The first time someone linked me to a trailer for Kick-Ass, I remember blinking dumbly afterward and thinking “What the hell did I just see?”. It was this teaser trailer that gave us our first glimpse of a character called ‘Hit-Girl’ – a tiny, purple-wigged death-machine who slices off legs with samurai swords, and – as a friend of mine so delicately put it – “casually drops the c-bomb”.

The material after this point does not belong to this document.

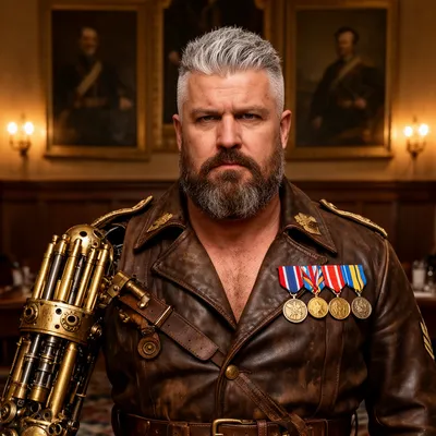 SteampunkDetailed AI-generated steampunk avatar of a rugged veteran with brass prosthetic arm and vintage military aesthetic, perfect for profile images.

Naturally, after this introduction my interest was thoroughly piqued – and I began digging around for as much information on the film as possible. Kick-Ass is based on a series of comics created by Mark Millar (key writer for Marvel) and John Romita Jr. – aka JRJR (well-known comic-art legend – also primarily for Marvel). I decided to wait until the series came out in hardcover before purchasing, but was looking forward to seeing just how much the film would be influenced by the comics. Fans of recent comic-to-film works such as Sin City, 300 and V for Vendetta have had the opportunity of literally seeing a storyboard come to life – as in some scenes, memorable drawings and frames are literally replicated in an exact living representation of the artwork. I, however, was choosing do this ‘film first – graphic novel second’. As such I was still curious as to what the movie was actually about.
Unfortunately, all subsequent extended trailers for the film revealed what appeared to be a movie that was more of a high school teen comedy with some kind of wannabe play on Tarentino-esque violence. Brightly-coloured costumes, familiar faces from Judd Apatow films (cue: Mc’Lovin’) and the suggestion of a story-line that seemed juvenile and predictable. Nevertheless – I halted my judgment and happily loaded up on popcorn for the screening.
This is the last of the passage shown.